Perhaps I should make more of an effort to read Terms of Service agreements after all?
The image was hosted on PC Pitstop’s homepage, so they are clearly not concerned with it being publicized. But why would a company add such a term? There are two issues behind the inclusion of ‘Special Consideration’ clause that strike me as odd.
First, the clause itself is not enforceable — it is a classic illusory contract. Although it would pass as a unilateral offer and thus acceptable by anyone who actually read it, the last sentence negates any contract like quality it may have. “This offer can be withdrawn at any time” means that PC Pitstop has not actually committed itself to anything at all, and thus has given nothing up, and thus there is a failure of consideration.
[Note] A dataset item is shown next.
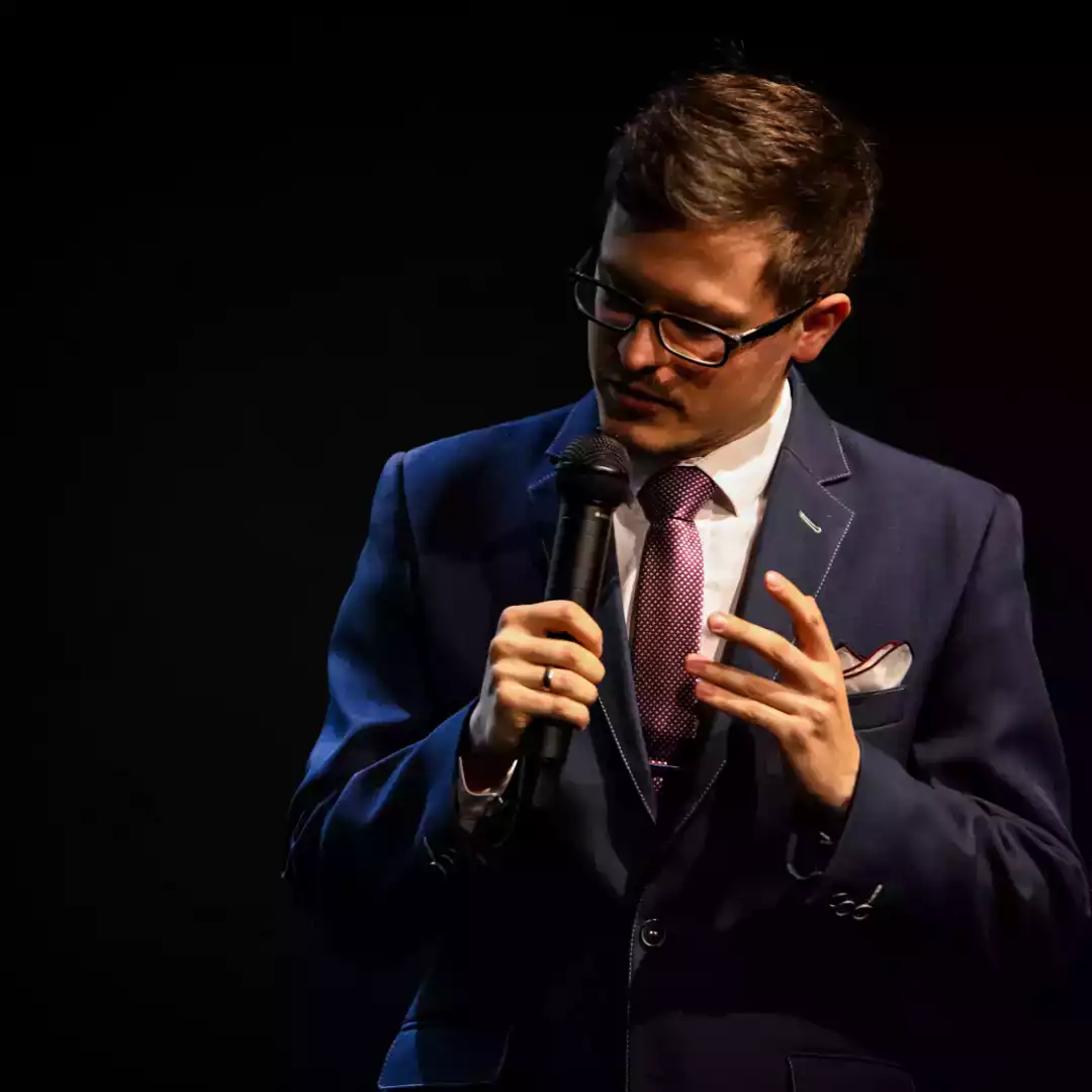Prowadzący nie jest główną gwiazdą wydarzenia, lecz przewodnikiem, który reprezentuje organizatorów, aktywizuje publiczność i wspiera mówców. Pełniłem tę rolę zarówno na małych wydarzeniach firmowych, jak i na dużych konferencjach. Z przyjemnością poprowadzę również Twoje wydarzenie.

Second, depending on how this clickwrap license is set up, the inclusion of the ‘Special Consideration’ clause could actually undermine PC Pitstop’s legal position. Although clickwrap licenses are far from black letter law, the basic theme behind them is that they are held enforceable where they are designed so as to provide reasonable notice and, generally, are assented to by the user’s affirmative conduct. However, by offering a gift in its Terms of Service (ToS), the company is effectively making a demonstration of how few people ever bother to read the ToS. It would by no means be dispositive proof, but if the ToS ever wound up in court, a user might be able to show how he in particular and users in general were not given an effective opportunity to review the terms, because 99.99% of them never tried to cash in on the offer.
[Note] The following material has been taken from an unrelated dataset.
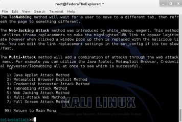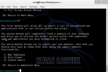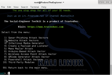 Then, type 2 for Website Attack Vectors and press Enter

As for clickwrap licenses more generally, I believe they provide a good example of how ill-suited old legal forms are when they are attempted to be grafted on to new technology. It is not a secret that no one reads the ToS forms — heck, I remember from 1L year, our contracts professor admitted that she herself never bothered to read them — and yet courts insist on using centuries old contracts principles to analyze them. As seen by Bragg v. Linden Lab, courts can find a term from a ToS ‘unconscionable’ when they do not want to enforce it. This threatens to result in an extremely inefficient system in which contracts are announced unilaterally by one party, never read by the second, and then treated as a “cafeteria contract” by the judge who picks which clauses she wants to keep and which clauses she wishes to discard. The judiciary of course has a little other option, but it would be nice to see the legislatures jump in and establish contract laws that are better suited for the unique online environment.
Unfortunately, given the nature of the internet, allowing state legislatures to direct the process is not an ideal solution either. Much as I reflexively dislike the idea of the federal government involving itself with contract formation, it may be necessary in order to create a more orderly, contractually agreed upon cyberspace.
Maybe I’m being charitable, but perhaps PC Pitstop’s goal is in fact to impeach the validity of “click-wrap” licenses.
Alternately, maybe it’s to get lots of eyeballs on *their* license so it will be more defensible (“Your honor, we have definitive proof that $BIGNUM people actually did read our license; the defendant’s contention that ‘nobody reads those’ is clearly specious”).